The film, named “Cycles”, is experimental. Envisaged by director Jeff Gipson—previously an animation lighting artist at Disney—the movie focuses on what it means to create a home and build a life. The short was inspired by Gispon spending his childhood with his grandparents, making memories in their house before later moving them into an assisted living complex.
"Every home has a story unique to the people, the characters who live there," he says. "We wanted to create a story in this single place and be able to have the viewer witness life happening around them. It is an emotionally driven film, expressing the real ups and downs, the happy and sad moments in life."

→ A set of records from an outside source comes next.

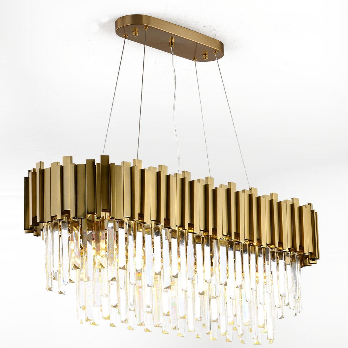 5 Bulbs Ractangle Dinning Light: 90x32cm. Number of lights: E14 x 5. Finish: Electroplated. Materials: K9 Crystal and Metal Dimmable with E14 Dimmable Bulbs. Lighting direction: ambient light. Power:Max 40W x 5 E14 Net weight: 10.6 kg. Body Width: 30 cm. Body Length: 90 cm. Body Height: 32 cm. Chain Length: 100 cm (Adjustable)6 Bulbs Round Diameter: 55cm. Number of lights: E14 x 6. Finish: Electroplated. Materials: K9 Crystal and Metal Dimmable with E14 Dimmable Bulbs. Lighting direction: ambient light. Power:Max 40W x 6 E14 Net weight: 10.00 kg. Width: 55 cm. Body Height: 30 cm. Chain Length: 100 cm (Adjustable)10 Bulbs Round Diameter: 75cm. Number of lights: E14 x 10. Finish: Electroplated. Materials: K9 Crystal and Metal Dimmable with E14 Dimmable Bulbs. Lighting direction: ambient light. Power:Max 40W x 10 E14. Net weight: 14.50 kg. Width: 75 cm. Body Height: 30 cm. Chain Length: 100cm (Adjustable)12 Bulbs Round Diameter: 95cm. Number of lights: E14 x 12. Finish: Electroplated. Materials: K9 Crystal and Metal Dimmable with E14 Dimmable Bulbs. Lighting direction: ambient light. Power:Max 40W x 12 E14 Net weight: 21.50 kg. Width: 95 cm. Body Height: 30 cm. Chain Length: 100 cm (Adjustable)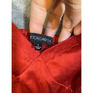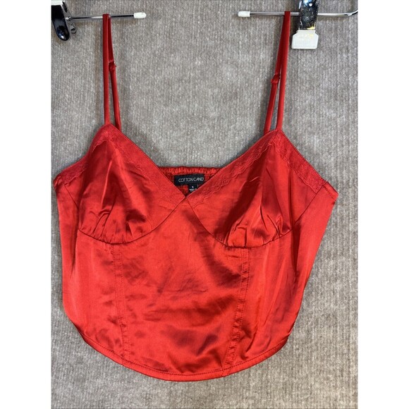 This is a Cotton Candy brand cropped cami in red satin fabric, designed for women in a size small. It features a smocked stretch back and a side zip closure. The style of the cami is tank with a regular fit.
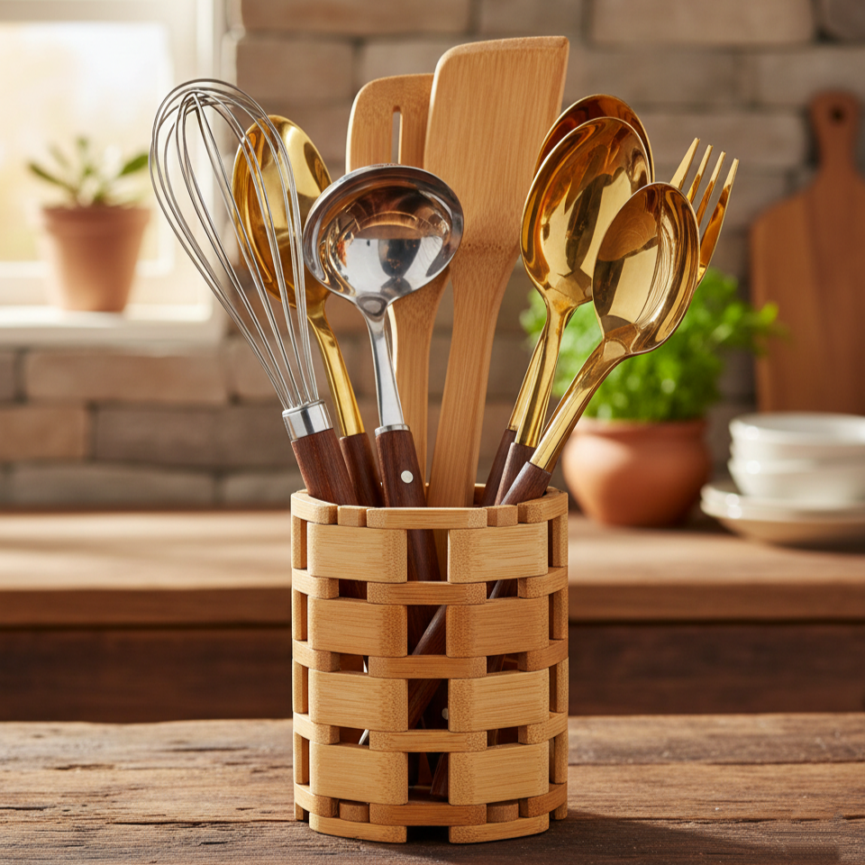 جا قاشقی بامبو انتخابی شیک و زیبا برای آشپزخانه شما! این جا قاشقی از بامبو باکیفیت ساخته شده است و فضای کافی برای نگهداری قاشقها و چنگالها، این محصول را به یک گزینه عالی برای سازماندهی و زیبایی محیط آشپزخانه تبدیل میکند.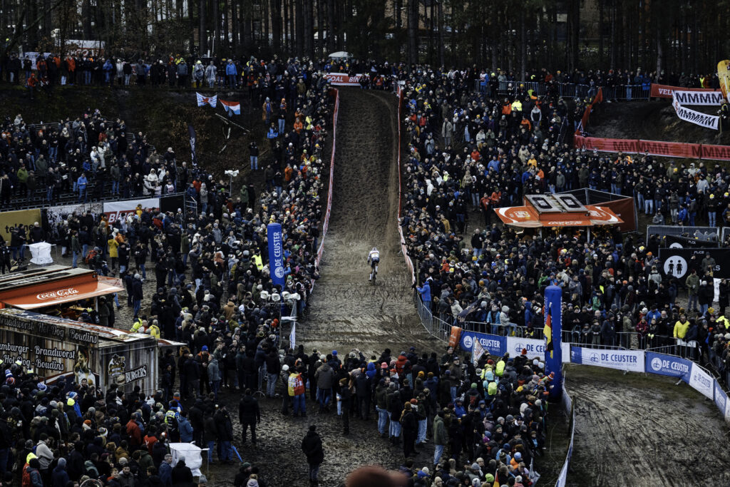 Der Parcours im belgischen Zonhoven zieht in weiten Schleifen durch und um die riesige Sandgrube „De Kuil“. Die Kulisse erinnert an ein modernes Amphitheater. Tausende Fans säumen die Strecke, wenn die Fahrer:innen mehrmals pro Runde in die Grube stürzen und später – oft laufend, manchmal fahrend – wieder herausklettern. Cycling Flanders bewirbt das Rennen in Zonhoven nicht ohne Grund mit „deep sand, steep climbs and descents“ und einem „day of fun in the sandbox“.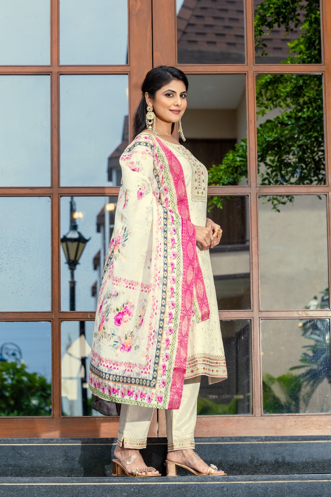 The Ivory Luxe Ensemble is absolutely stunning! The embroidery is so detailed, and the fabric feels really premium. Perfect for festive occasions.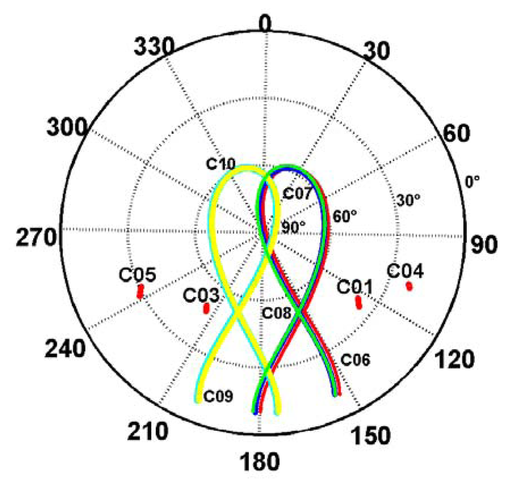 Figure 3 shows the sky plots of five IGSO and four GEO satellites against the azimuths and elevations. It can be seen that the elevations and azimuths of C01 are within 30–45° and within 120°–135° and that of C03 are within 45°–60° and within 210°–225°, respectively. The elevations of C04 and C05 are lower than that of C01 and C03, as they are further away from the station. Meanwhile, the five IGSO satellites have a ground track of an incomplete “8” shape as their elevations are below the mask angle and the satellites cannot be observed. Furthermore, we can find that for mainland China, the BeiDou GEO and IGSO satellites cover the southern hemisphere most of the time.
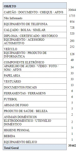 Do total de perdas e extravios, 30.644 foram de objetos no segmento de cartões, documentos pessoais e cheques. O segundo no ranking são os equipamentos de telefonia, com 954 registros. Na sequência aparecem acessórios, como bolsas e calçados, com 728 casos, e os diplomas e certificados, com 520 notificações.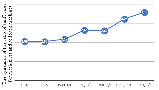 Source: [19, pp. 330-331, Table 8]. A comparison of the data in Tables 7 and 6 shows that in 1935, the degree of wage differentiation among workers in the Kuzbass coal industry was noticeably higher than the values of the corresponding indicators calculated for industrial workers in the Siberian Region in the late 1920s. This is confirmed by our calculation of the ratio of wages of workers in one of the most highly paid professions related to coal mining – miners – to coal industry laborers. In 1928-1929, the monthly earnings of a slaughterer exceeded the earnings of a laborer by 1.39–2.50 times (according to the materials of the Anzhero-Sudzhensky district, Kemerovo and Leninsky mines (calculated according to [22, p. 30, Table 14;]). In 1934, this ratio was 2.96 for the entire coal industry in Western Siberia. According to the ratio of average hourly earnings at the same time, manual slaughterers (manual slaughterers are slaughterers who did not use jackhammers. – the term from the source) were ahead of the laborers by 3.51 times. Thus, it can be concluded that the ratio of salaries of high- and low-skilled workers, having significantly decreased by the end of the 1920s, increased markedly by the mid-1930s (calculated according to: [19, pp. 328-329, Table 7.]). These comparisons reflect the results of the restructuring of the wage system in the coal industry, initiated by Stalin's speech at the high-profile All-Union Meeting of Business Executives in June 1931. Already on July 7 of the same year, the appeal of the Council of People's Commissars of the USSR, the Central Committee of the CPSU(b) and the Supreme Economic Council of the USSR to all party, Soviet-economic, trade union and Komsomol organizations "On the tasks of the Donbass coal industry" was adopted, which noted: "To the Coal Association and the Central Committee of the Union of Coal Workers within a 2-month period to completely eliminate wage equalization and introduce such forms of remuneration that would provide significant advantages for leading qualifications, stimulate increased productivity and work experience" (https://istmat.org/node/52005 ). On September 10, 1931, at a meeting of the Politburo of the Central Committee of the CPSU(b), a resolution was adopted "On restructuring the wage system in metallurgy and the coal industry" (https://istmat.org/node/53603 ), which emphasized that "the wage system does not fulfill its role as a powerful lever for increasing labor productivity." It also stated that the current tariff schedule should be changed by introducing 11 tariff rates instead of 27 for the entire Donbass coal industry. As a result, the difference in tariff rates for high-skilled and low-skilled workers was adjusted to create more effective incentives for productive, skilled labor. On April 8, 1933, the Decree of the Council of People's Commissars of the USSR and the Central Committee of the CPSU(b) "On the work of the Donbass coal Industry" was published, which, in particular, set the task of eliminating equalization in the wage system in the industry, which required "providing higher wages for underground workers compared with above-ground workers" (https://istmat.org/node/58831 ). It should be noted that although the above-mentioned documents of the governing bodies related to the state of affairs and tasks of the Donbass industry, they were considered as guidelines for decision-making by the party and economic bodies of Kuzbass. Thus, in October 1930, there was a significant increase in the salaries of coal miners (by 19%), which was "a direct consequence of the implementation of the conclusions and decisions of the Government Commission that had completed its work in Donbass by that time" by V. M. Molotov [23, p.205]. At the same time, "the leading underground professions and, mainly, those related to mechanization" were highlighted. Characteristically, the rates of skilled workers, for example, machinists, were increased by 27%, while those of surface handlers were increased by 4%. In addition, instead of the twelve-digit tariff grid used at that time in Kuzbass, a ten-digit grid was introduced [23, p. 205]. Finally, in connection with the implementation of the above-mentioned decree "On restructuring the wage system in metallurgy and the coal industry" in Kuzbass, from October 1, 1931, another salary increase was carried out by an average of almost a quarter. Thus, "in essence, the beginning was laid for the elimination of wage equalization" [23, p. 205]. Table 8. Evolution of wage rates for workers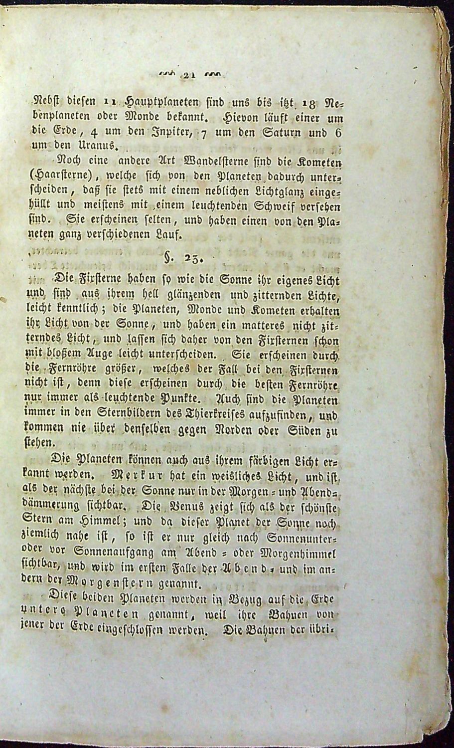 Tištěno švabachem, arabská paginace stran uprostřed horního okraje mezi mizícími vlnovkami. <br>Dobová obálka z tragantového papíru, ve hřbetu potrhaná a v horní jeho části pap. pokryv chybí, n a přední straně obálky při vnitřním horním okraji pap. štítek, knižní blok neoříznutý, papír místy zahnědlý a při vějším okraji lehce roztřepený.<br>Josef Jüttner (12.9. 1775 Bernartice - 27.4. 1848 Praha) kartograf, generálmajor rakousko-uherské armády. Autor prvního plánu Prahy vytvořeného na geodetickém základu, který se stal též podkladem pro Langweilův model Prahy.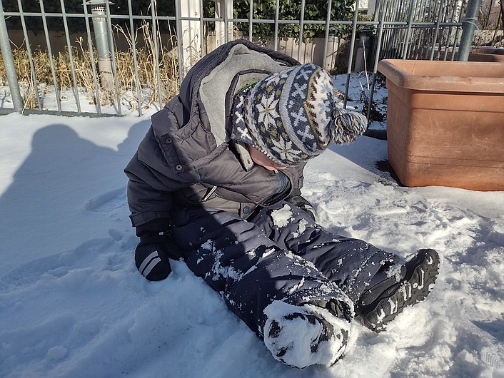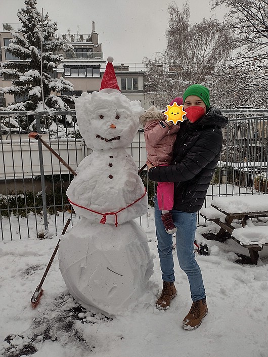 Im Dezember bereiteten sich alle Gruppen auf das Weihnachtsfest vor. So schmückten wir gemeinsam mit den Kindern den Gruppenraum winterlich und gestalteten einen Adventskranz. Das Leitthema im Dezember war in unserer Gruppe „Schnee“. Wir bastelten Schneeflocken und lernten die Eigenschaften von Schnee kennen. Die Kinder konnten draußen den Schnee mit allen Sinnen erleben und hatten große Freude am Fühlen von Kälte. Wir sangen passende Schneelieder und hörten eine Klanggeschichte über den Schnee. Idealerweise hat es in der ersten Dezemberwoche zu unserer Freude viel geschneit. Wir nutzten die Gelegenheit und spielten auf der Dachterrasse. Gemeinsam mit den Kindern der Integrationsgruppen bauten wir einen großen Schneemann. Aus der Küche holten wir eine Karotte für die Nase und nahmen Kastanien für die Augen, den Mund und die Knöpfe. Unser Schneemann bekam auch einen Gürtel, als Hut setzten wir ihm eine Nikolausmütze auf. Für die Arme steckten wir einen Rechen und einen Besen in den Schneemann. Wir nutzen die restliche Woche, um auf der Dachterrasse mit dem Schnee zu spielen. Leider schmolz er in der nächsten Woche schon wieder.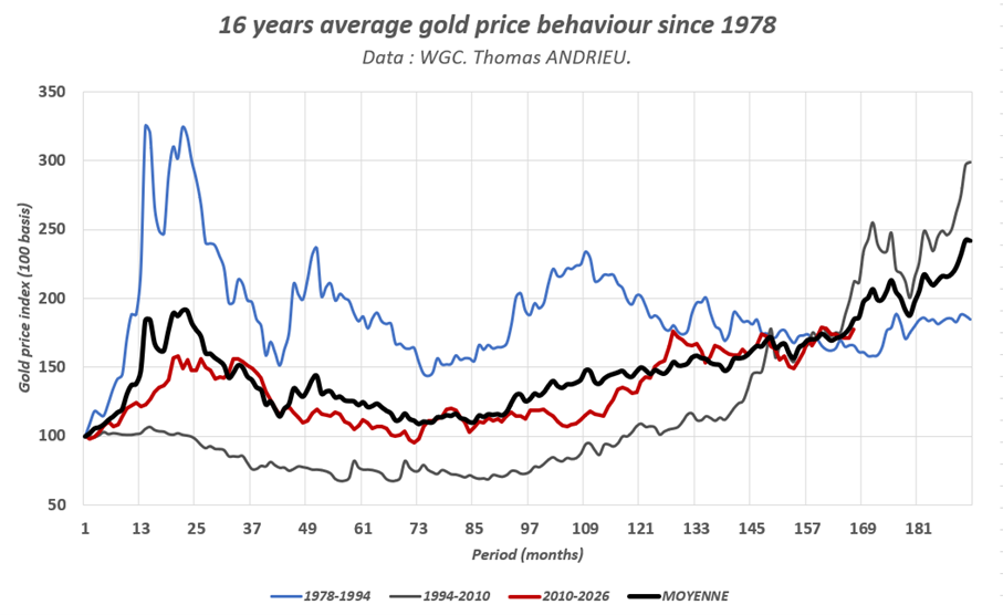 安德鲁提出了自1978年以来记录的黄金价格三个16年周期,并对其演变交叉比对。他解释说:“我们立即可以看到,16年来金价的平均走势与2010年以来金价的走势之间存在显着的对称性(图表中的红色和黑色曲线)。”
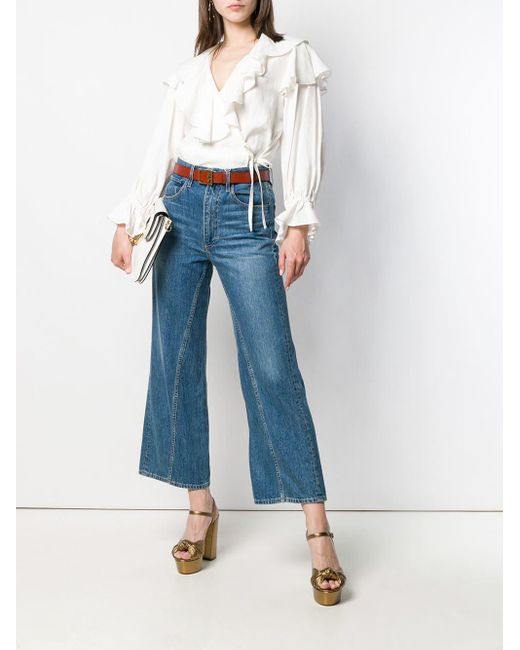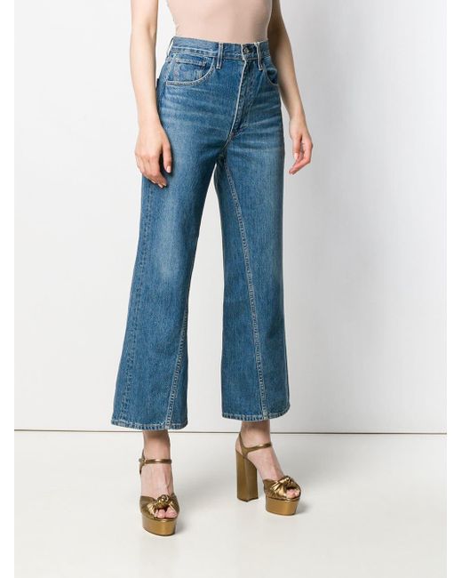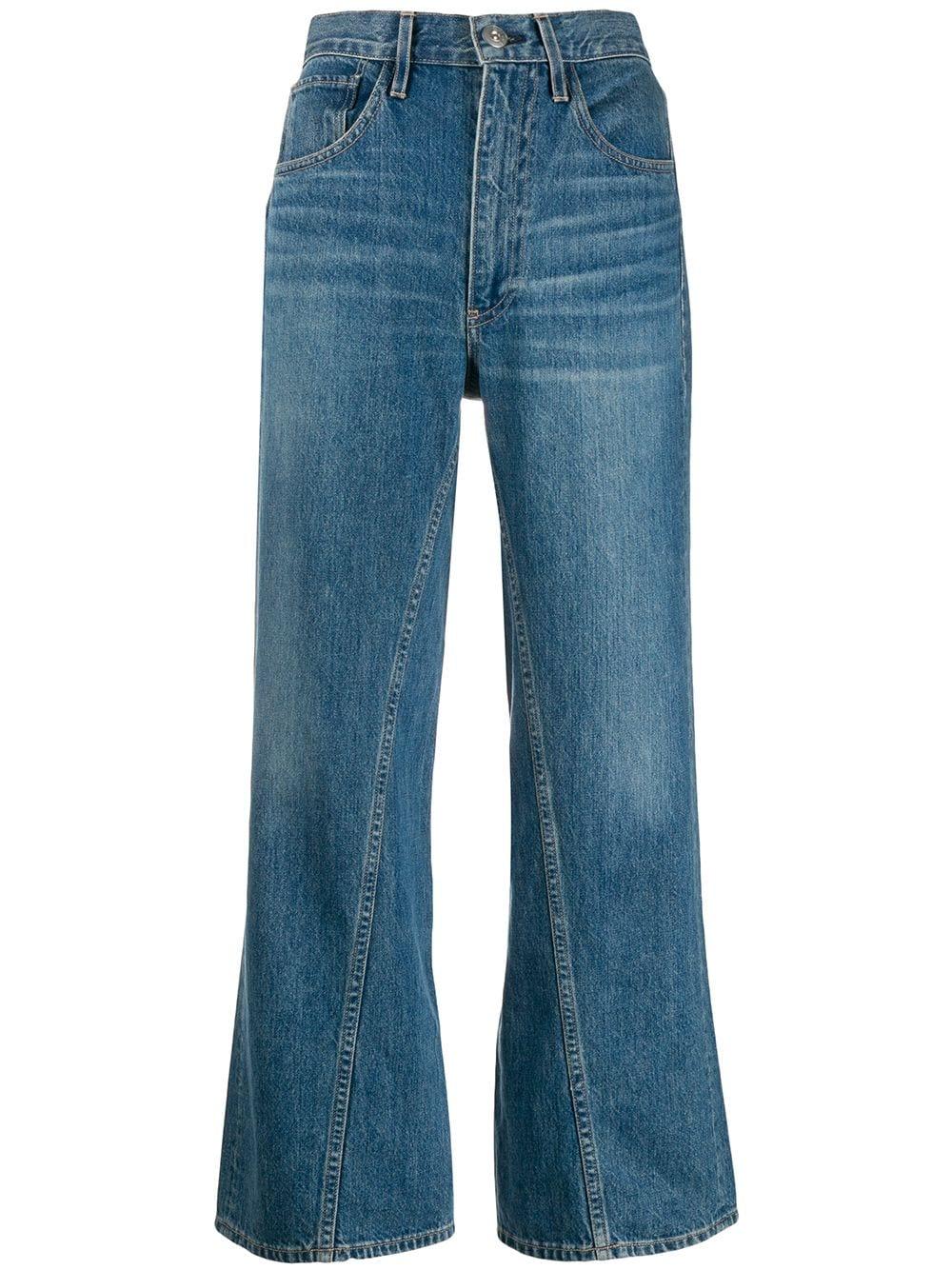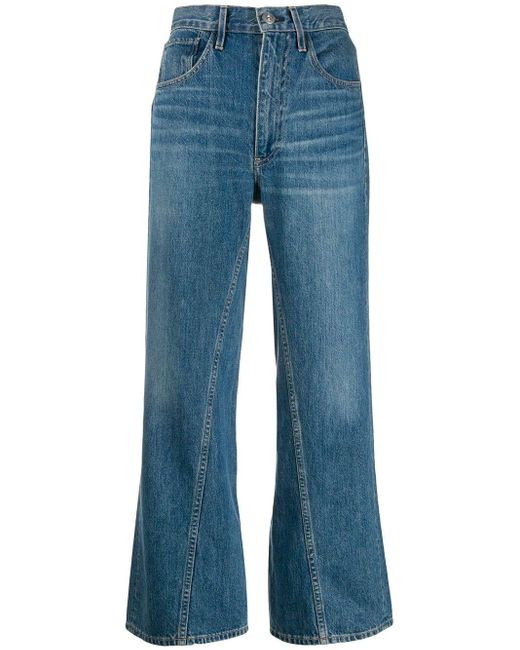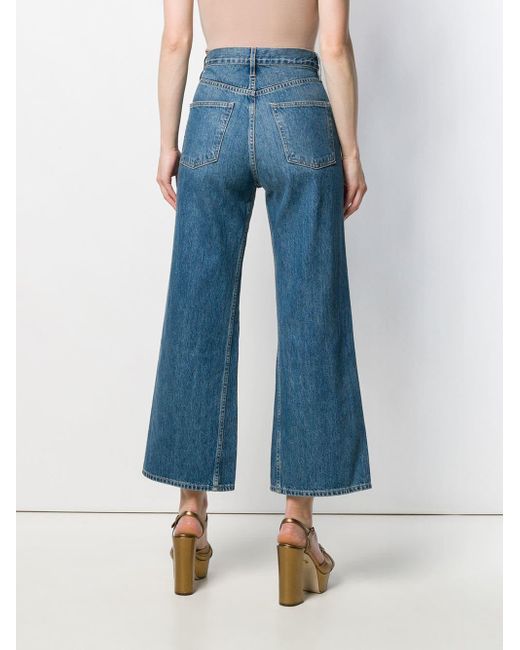 Aimee cropped jeans van 3X1 uitgevoerd in katoen voorzien van high-rise, riemlussen, knoop-en ritssluiting voorzijde, five-pocket-design, wijd uitlopende pijpen en een cropped lengte. Kleur: blauw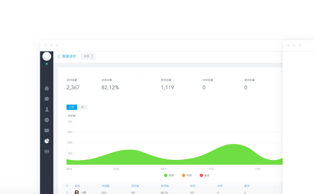 客服评价,顾客可对当前接待客服打分,会在统计中展现。

The project was completed unusually fast. Around 50 collaborators worked for four months to produce Gipson’s vision, developing a new kind of storyboard to translate his idea into a VR setting. In virtual reality, a headset-wearer has the opportunity to look anywhere around them, and it can be difficult for directors to predict where the audience will focus their attention. Rather than using traditional, drawn-storyboard methods, Gipson and his team employed motion capture actors, painters, and sculptors to create 3D models of characters, and visualize what the scenes would look like in a VR space. To guide viewers to the most important part of the narrative, the creators used light and colour saturation to spotlight elements of the scenes.
“VR is an amazing technology, and a lot of times the technology is what is really celebrated,” Gipson says. “We hope more and more people begin to see the emotional weight of VR films, and with ‘Cycles’ in particular, we hope they will feel the emotions we aimed to convey with our story."
“Cycles” will be unveiled to the public for the first time at Siggraph 2018, an international expo that highlights trends in computer animation and immersive technology, which this year takes place in Vancouver. The short will be a key draw for the conference’s newly-imagined Immersive Pavilion—a structure that is exclusively dedicated to virtual, augmented, and mixed reality experiences, and represents Siggraph’s further expansion into the medium.
Vancouver is a fitting place to host the premiere of Disney’s new venture into VR. Currently the second largest VR and AR hub in the world, it boasts more than 200 companies working in the space.